## Work order
The answer must be an exact copy of the records, with every picture removed.
■ ■ ■
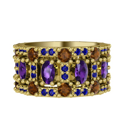 Ametist, dumanlı kuvars ve lab safir 925 ayar altın kaplama gümüş yüzük
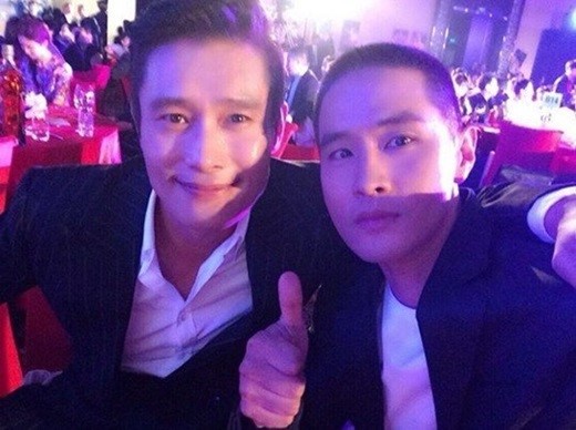 사진 속 유승준은 이병헌과 어깨동무를 한 채 카메라를 응시하고 있다. 이병헌은 유승준 옆 밝게 미소짓고 있다.
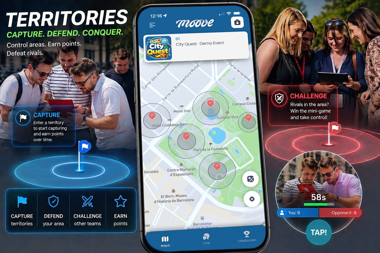 When two teams meet inside a territory, a conflict is triggered and resolved through mini-games like Rock-Paper-Scissors or Tug of War — creating high-energy moments during the event.
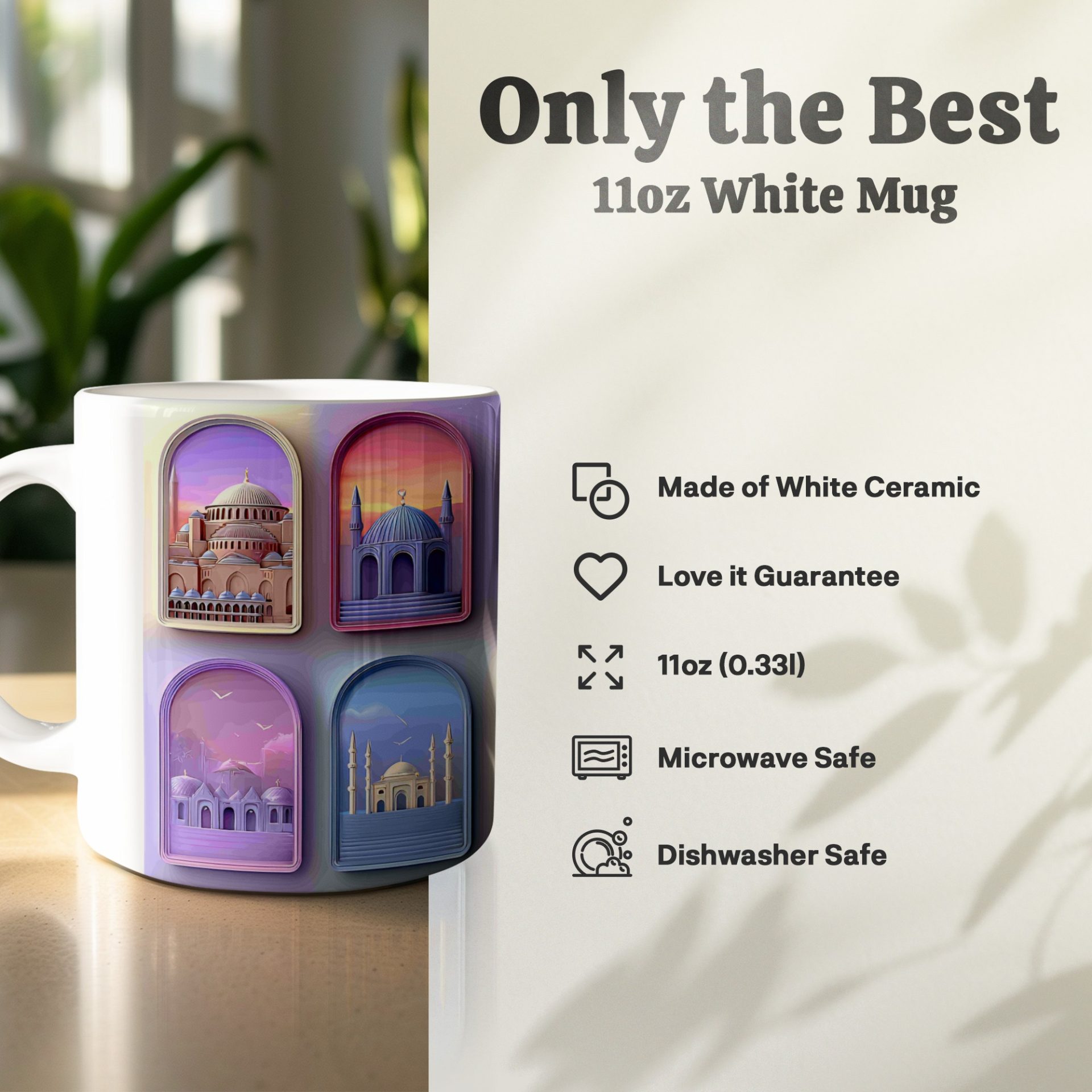 Explore the beauty world's religious landmarks with this visually striking mug. Each architectural design showcases unique elements. Enhance your coffee with culture!
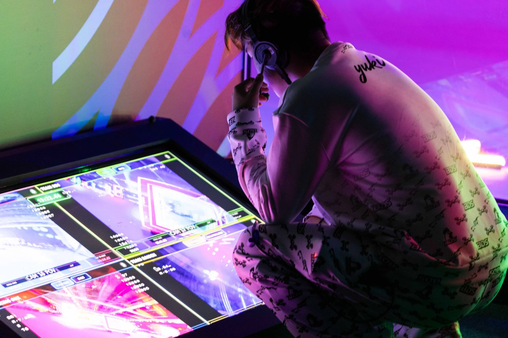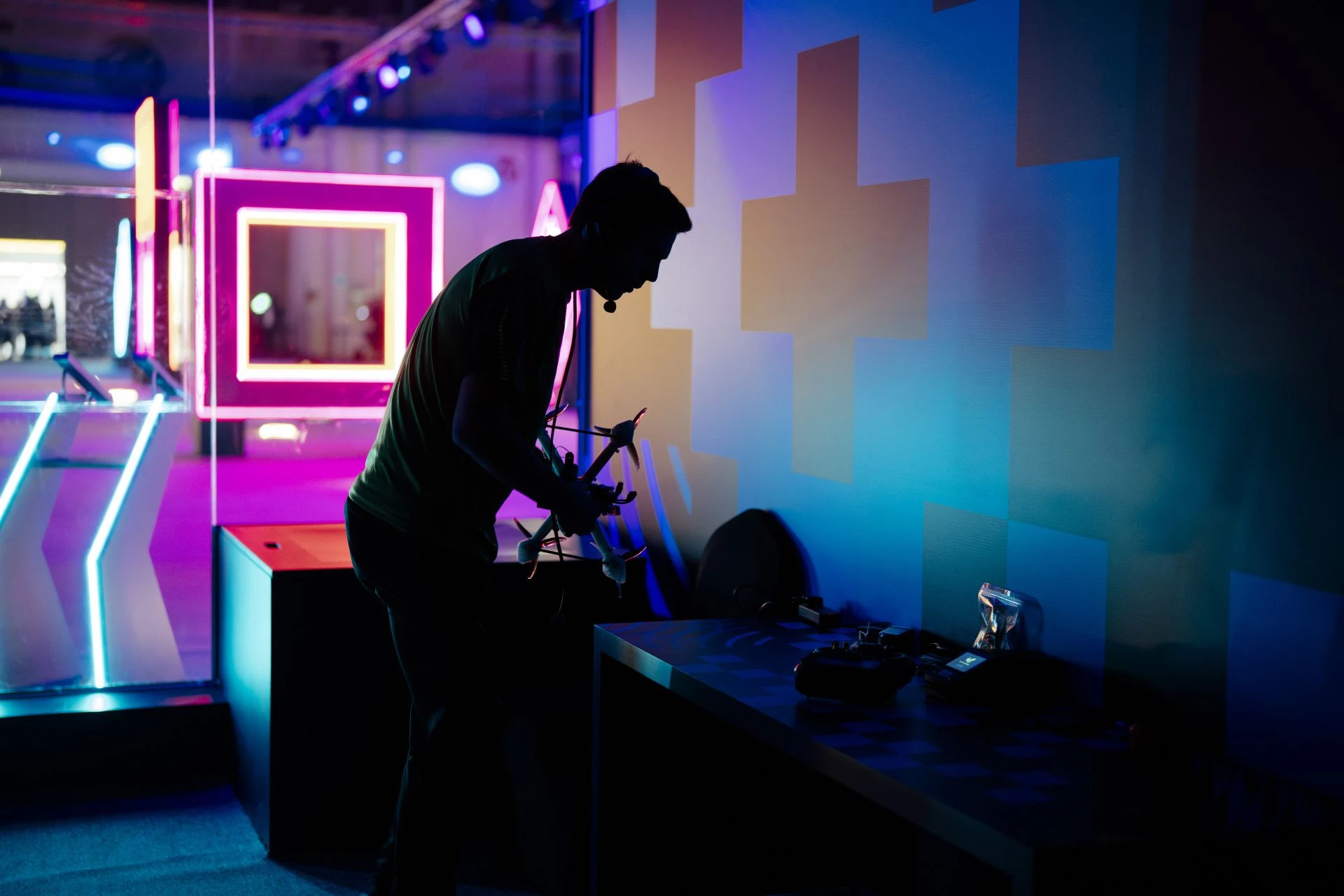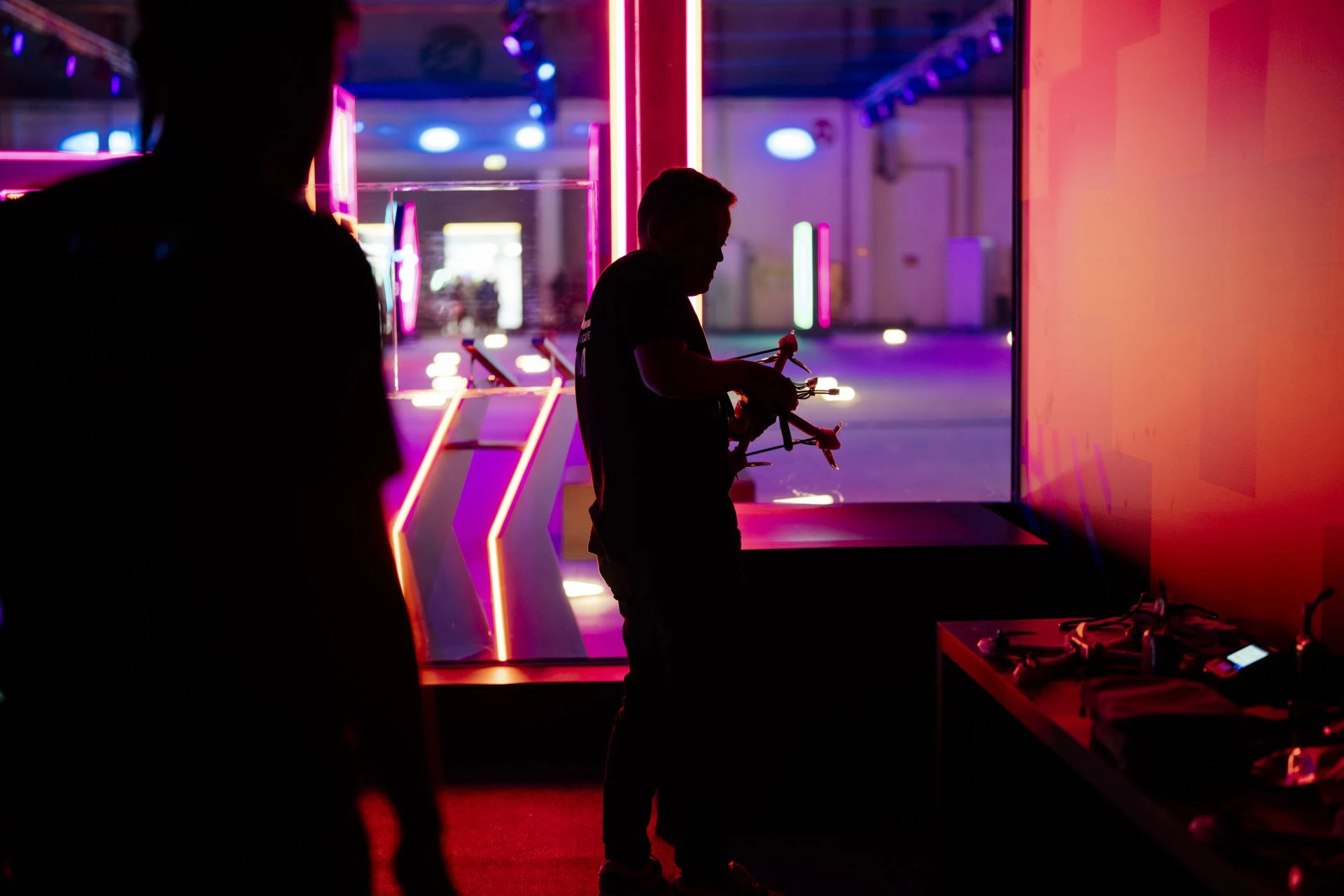 Each team has two athletes, known as pilots. During the main stage races, the first pilot starts from the ‘start area’ (where pilots control the drone that is racing) and the second pilot is based in the ‘pit stop area’ (where battery replacement and drone repairs are completed). Each pilot must complete 25 laps. Once the first pilot has completed that, the pilots switch over roles and swap places in the two areas.
■ ■ ■
## Result below
 Ametist, dumanlı kuvars ve lab safir 925 ayar altın kaplama gümüş yüzük
 사진 속 유승준은 이병헌과 어깨동무를 한 채 카메라를 응시하고 있다. 이병헌은 유승준 옆 밝게 미소짓고 있다.
 When two teams meet inside a territory, a conflict is triggered and resolved through mini-games like Rock-Paper-Scissors or Tug of War — creating high-energy moments during the event.
 Explore the beauty world's religious landmarks with this visually striking mug. Each architectural design showcases unique elements. Enhance your coffee with culture!
 Each team has two athletes, known as pilots. During the main stage races, the first pilot starts from the ‘start area’ (where pilots control the drone that is racing) and the second pilot is based in the ‘pit stop area’ (where battery replacement and drone repairs are completed). Each pilot must complete 25 laps. Once the first pilot has completed that, the pilots switch over roles and swap places in the two areas.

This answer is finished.